Output the full listing below exactly; the images stay out.

* **STORED DATA**
════════════════

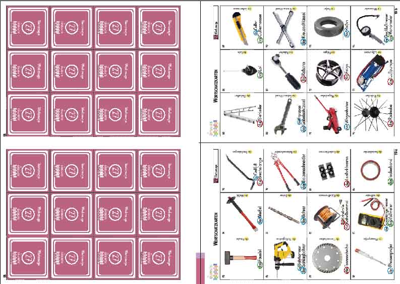 - 244 Karten zu Werkzeugen (48 Karten aus dem Ergänzungswortschatz und 196 weitere)
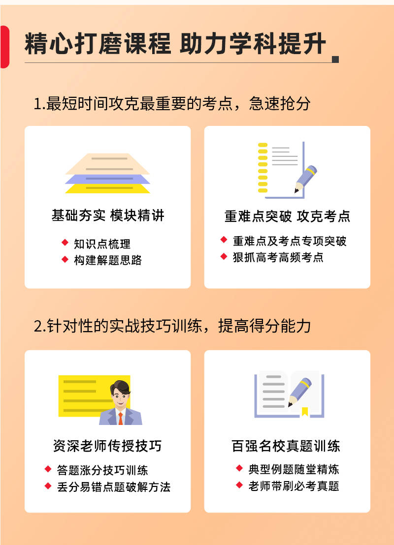 师资:学校拥有一支实力雄厚的师资与教研团队,核心成员均来自成都市多所重点高中的资深教师。这些老师不仅具备丰富的高考教学经验和深厚的学科专业素养,还曾多次参与高考命题研究和备考指导工作,对高考动向和命题规律有着精准的把握。 科学的教学模式:学校摒弃了传统大班授课的局限性,创新性地采用小班化教学与分层式教学体系相结合的方式。每个班级人数严格控制在15人以内,确保教师能够全面掌握每位学生的学习进度、知识薄弱点以及思想动态,实现因材施教。同时,学校还提供一对一个性化辅导服务,从日常学习习惯养成到薄弱环节突破,再到应试技巧训练、心理疏导和营养膳食指导,全程为学生保驾护航。 完善的课程体系:高三冲刺集训课程聚焦高考核心考点,以精准提分、能力进阶为核心目标,结合学生认知规律与高考命题趋势,构建基础夯实—专题突破—冲刺拔高三阶教学体系。通过分层教学适配不同基础学生需求,帮助学生高效掌握知识体系、解题方法与应试技巧,实现从知识输入到能力输出的转化。收费合理,性价比高
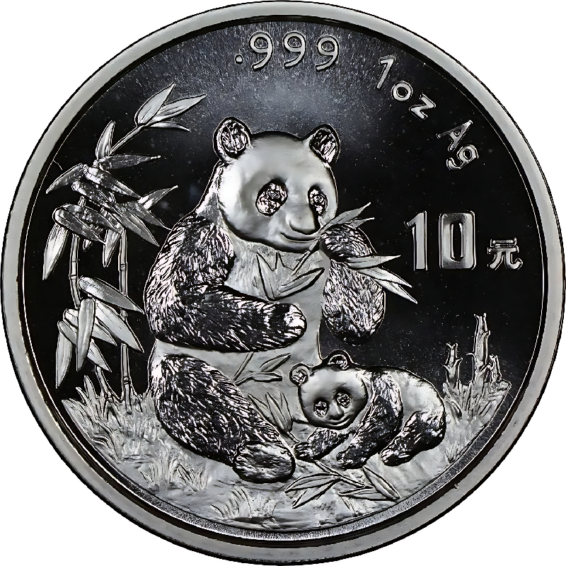 На реверсе изображены две панды на фоне зарослей бамбука: большая, жующая бамбук, а рядом её детёныш. Вверху надпись: .999 1oz Ag (проба и вес серебра). Справа: 10元 (номинал).

════════════════

* **COMPLETED TASK**
 - 244 Karten zu Werkzeugen (48 Karten aus dem Ergänzungswortschatz und 196 weitere)
 师资:学校拥有一支实力雄厚的师资与教研团队,核心成员均来自成都市多所重点高中的资深教师。这些老师不仅具备丰富的高考教学经验和深厚的学科专业素养,还曾多次参与高考命题研究和备考指导工作,对高考动向和命题规律有着精准的把握。 科学的教学模式:学校摒弃了传统大班授课的局限性,创新性地采用小班化教学与分层式教学体系相结合的方式。每个班级人数严格控制在15人以内,确保教师能够全面掌握每位学生的学习进度、知识薄弱点以及思想动态,实现因材施教。同时,学校还提供一对一个性化辅导服务,从日常学习习惯养成到薄弱环节突破,再到应试技巧训练、心理疏导和营养膳食指导,全程为学生保驾护航。 完善的课程体系:高三冲刺集训课程聚焦高考核心考点,以精准提分、能力进阶为核心目标,结合学生认知规律与高考命题趋势,构建基础夯实—专题突破—冲刺拔高三阶教学体系。通过分层教学适配不同基础学生需求,帮助学生高效掌握知识体系、解题方法与应试技巧,实现从知识输入到能力输出的转化。收费合理,性价比高
 На реверсе изображены две панды на фоне зарослей бамбука: большая, жующая бамбук, а рядом её детёныш. Вверху надпись: .999 1oz Ag (проба и вес серебра). Справа: 10元 (номинал).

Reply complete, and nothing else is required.